→ Record extracts
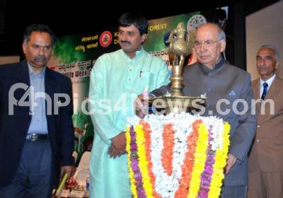 Photo Caption : Governor HR Bhardwaj lighting the lamp to inaugurate 57th Wild Life Week Celebrations Valedictory Function at Chowdaiah Memorial Hall organised by Karnataka Forest Department also seen Forest Minister CP Yogeshwar and others, in Bangalore on Monday 10th October 2011
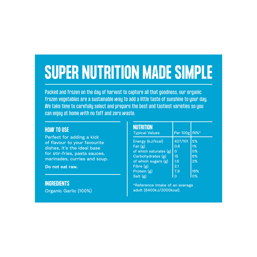 Picked and Frozen on the day of harvest to capture all that goodness, our frozen organic ingredients are a sustainable way to add a little taste of sunshine to your cooking in minutes. No peeling or chopping just effortless flavour and convenience.
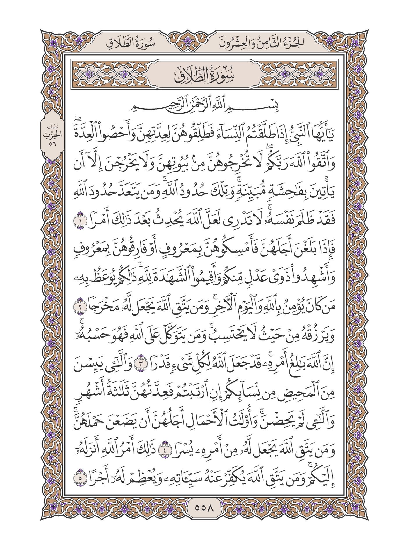 Kur'an-ı Kerim'in İngilizcesi Cevriyazımı - English (Transliteration) of the Holy Quran - اللغة الإنجليزية (الترجمة الصوتية) للقرآن الكريم Ya ayyuha annabiyyu ithatallaqtumu annisaa fatalliqoohunnaliAAiddatihinna waahsoo alAAiddata wattaqoo Allaharabbakum la tukhrijoohunna min buyootihinna walayakhrujna illa an ya'teena bifahishatinmubayyinatin watilka hudoodu Allahi wamanyataAAadda hudooda Allahi faqad thalamanafsahu la tadree laAAalla Allaha yuhdithubaAAda thalika amra
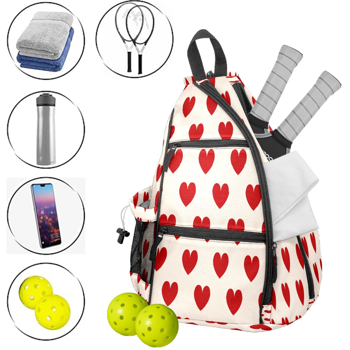 Pickleball Sling Bag for Women and Men - Backpack with Nylon Fabric - Woven Strap - Mesh Pocket - Fence Hook - Crossbody Retro Red White Heart Love Pattern
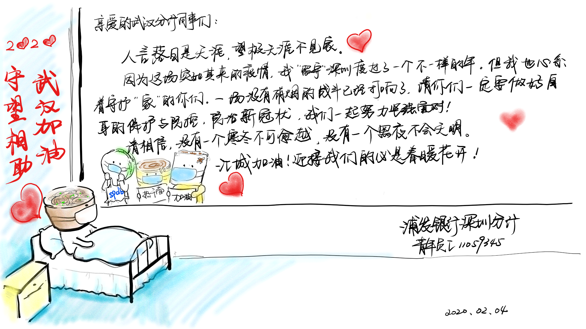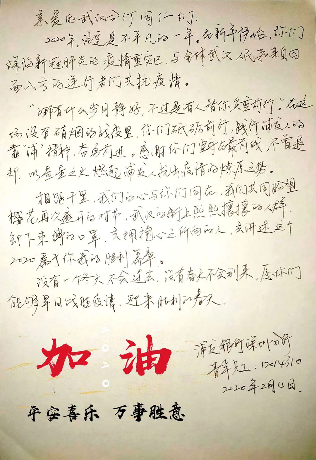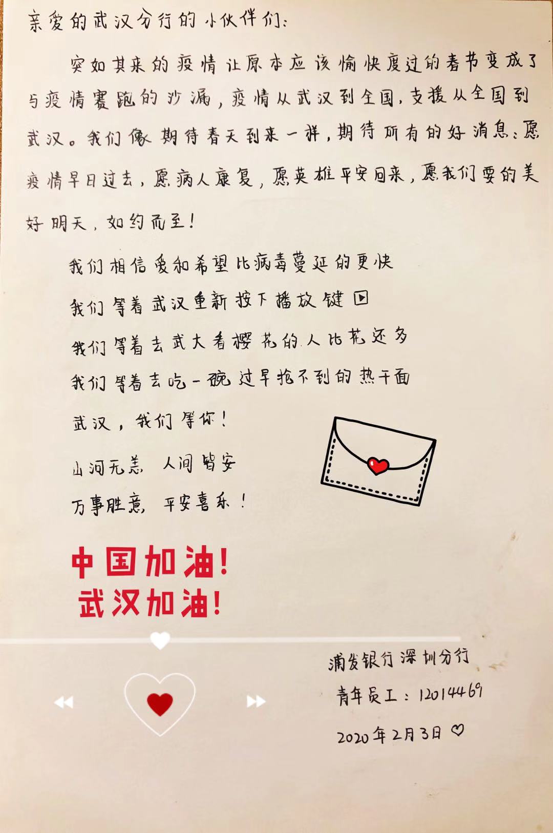 2月3日,浦發(fā)銀行深圳分行團委向全體青年員工發(fā)出了一封倡議書。在倡議書中,該行團委號召廣大團干部、團員青年立即行動,充分發(fā)揮黨的助手和后備軍作用,展現(xiàn)青年突擊隊作為,為堅決打贏疫情防控阻擊戰(zhàn)貢獻力量,并向青年提出三個要求:“堅定信心不迷茫,聽黨指揮勇?lián)敗?、“科學防范不信謠,眾志成城控疫情”、“居家辦公不離崗,服從指揮勇?lián)敗薄.斎?,浦發(fā)銀行深圳分行發(fā)起了給武漢分行同事寄送家書的活動,該行全體青年手寫家書,圖文并茂、紙短情長,表達了對疫區(qū)“戰(zhàn)友們”最深切的關(guān)愛和鼓勵,身體力行做好他們堅強的后盾。
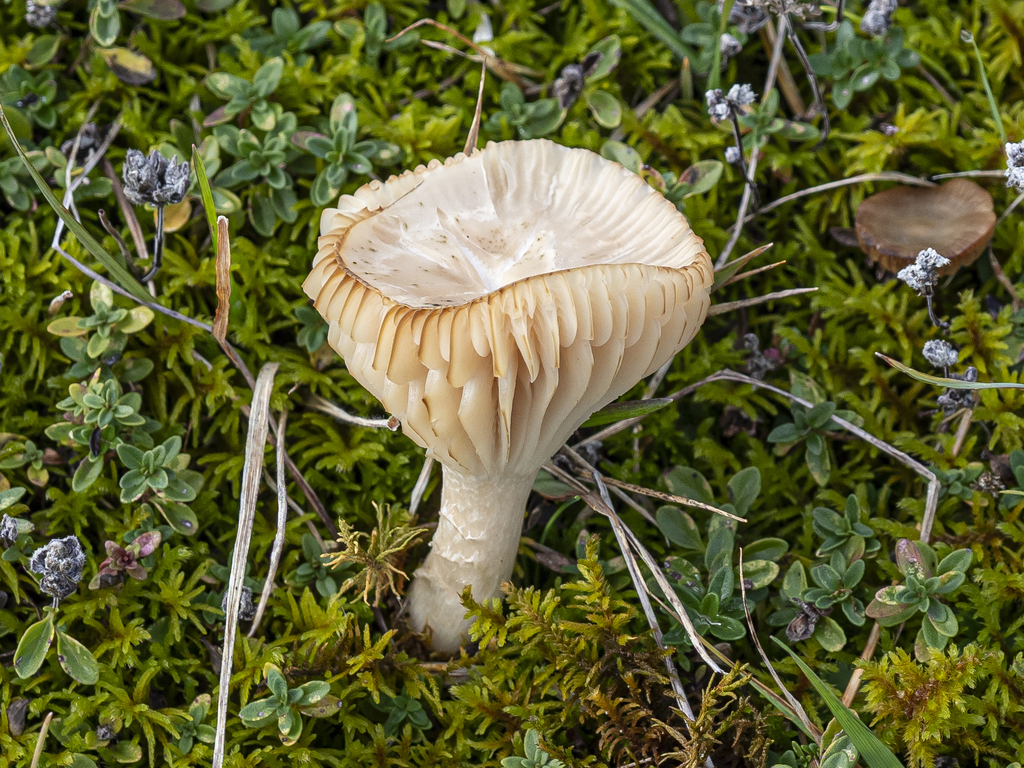 - White to cream-colored and decurrent, running down the stem. They are widely spaced, sometimes branched or veined with ridges, and have a soft, greasy texture.
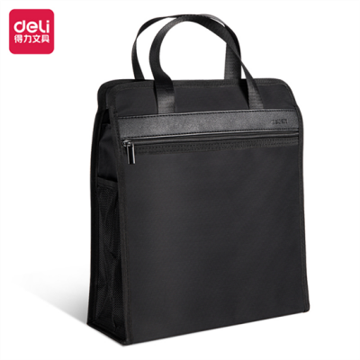 得力LU63760-8竖版公文包文件袋345*300*115mm(黑色)牛津布材质立体办公手提袋/会议包/事务包/文件包/商务拉链袋电脑公文包
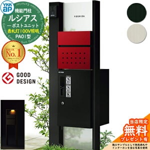 YKKap 機能門柱 ルシアス ポストユニットPA01型 表札灯タイプ(24V照明) 【後出し:T11型ポスト(アルミ色) / ルシアス 宅配ボックス1型】セット 透過パネルのルシアス ポストユニットです...
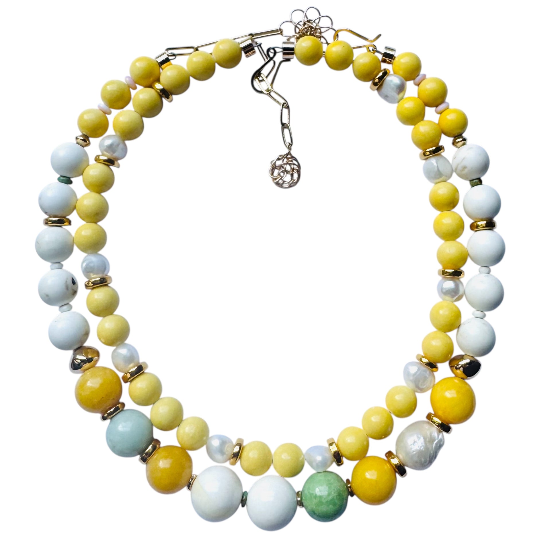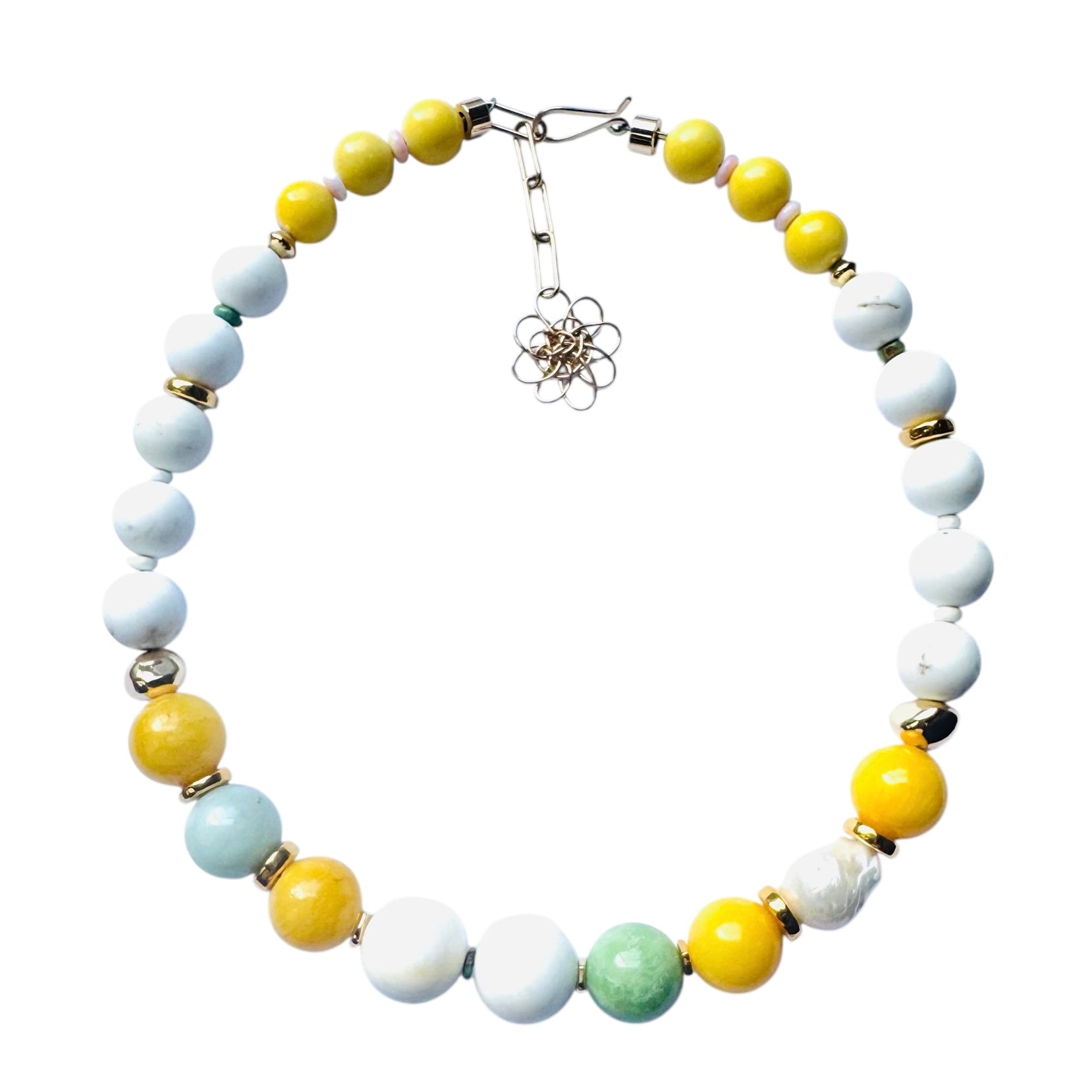 Length: 16 inches plus 2 inch extender chain Materials 10-16mm White and yellow jade, chrysoprase freshwater pearls, gold ceramic, 14kt gold filled clasp.
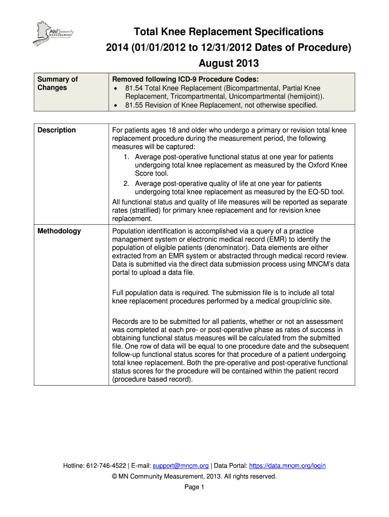 Total Knee Replacement Specifications 2014 (01/01/2012 to 12/31/2012 Dates of Procedure) August 2013 Summary of ChangesRemoved following ICD9 Procedure Codes: 81.54 Total Knee Replacement (Bi compartmental,
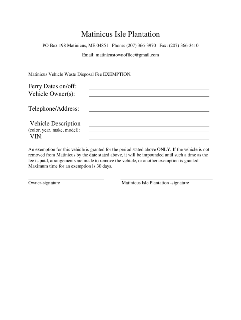 Matrices Isle Plantation PO Box 198 Matrices, ME 04851 Phone: (207) 3663970 Fax: (207) 3663410 Email: matinicustownoffice Gmail.comMatinicus Vehicle Waste Disposal Fee EXEMPTION. Ferry Dates on/off:
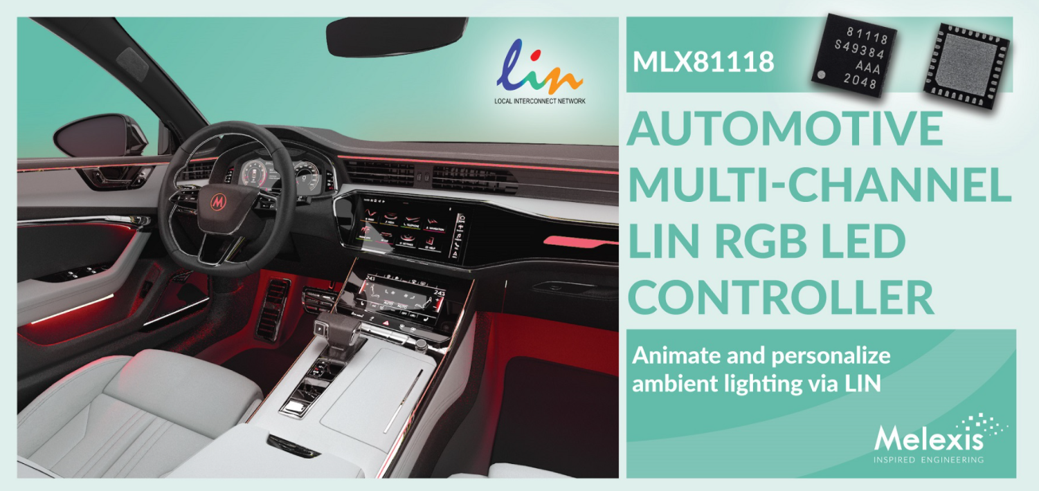 通过推出面向 LIN 生态系统中的车内氛围灯照明和动态照明应用的多通道 LIN RGB LED 控制器芯片 MLX81118,Melexis 进一步扩展了该产品系列。MLX81118 具有 24 路输出(每路输出可提供高达 60mA 的电流),可驱动八颗 RGB 通道。独立的 PWM 控制与高达 16 位的分辨率配置使得这款控制器能够实现任何色点和亮度。
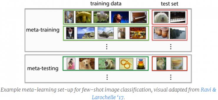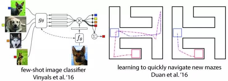 先是让系统接触大量的任务进行训练,然后再测试这个系统学习新任务的能力。比如会有这样的任务:要识别一张新图像是五个分类中的哪一个,每个分类只有一张示例图像;或学会在一次遍历之后高效的走出迷宫。这与许多标准的机器学习技术不同,它们的方法是在单个任务上进行训练,在任务中单独留出的样例中进行测试。
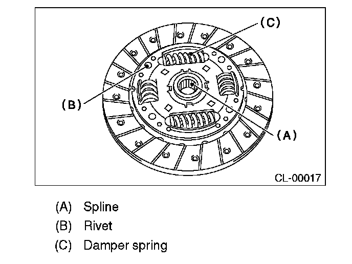 5) If there is spline wear, loose rivets, failed damper springs, etc., replace the clutch disc.
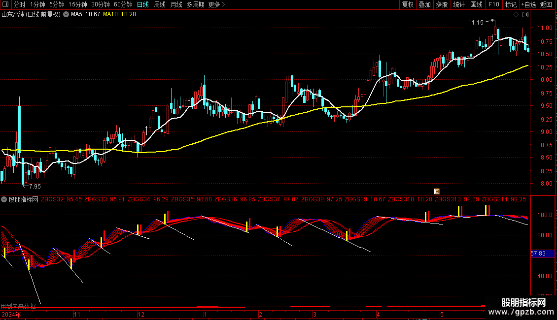3.主图白线上穿黄线金叉,K线高开站上金叉,副图多头趋势线全发散向上即共振买点

→ Work to be completed
Above are records with pictures. Reproduce exactly only the lines from the line with "Picked and Frozen" through the line with "Pickleball Sling Bag", both ends included, and leave the pictures out.

→ Solution for this problem
 Picked and Frozen on the day of harvest to capture all that goodness, our frozen organic ingredients are a sustainable way to add a little taste of sunshine to your cooking in minutes. No peeling or chopping just effortless flavour and convenience.
 Kur'an-ı Kerim'in İngilizcesi Cevriyazımı - English (Transliteration) of the Holy Quran - اللغة الإنجليزية (الترجمة الصوتية) للقرآن الكريم Ya ayyuha annabiyyu ithatallaqtumu annisaa fatalliqoohunnaliAAiddatihinna waahsoo alAAiddata wattaqoo Allaharabbakum la tukhrijoohunna min buyootihinna walayakhrujna illa an ya'teena bifahishatinmubayyinatin watilka hudoodu Allahi wamanyataAAadda hudooda Allahi faqad thalamanafsahu la tadree laAAalla Allaha yuhdithubaAAda thalika amra
 Pickleball Sling Bag for Women and Men - Backpack with Nylon Fabric - Woven Strap - Mesh Pocket - Fence Hook - Crossbody Retro Red White Heart Love Pattern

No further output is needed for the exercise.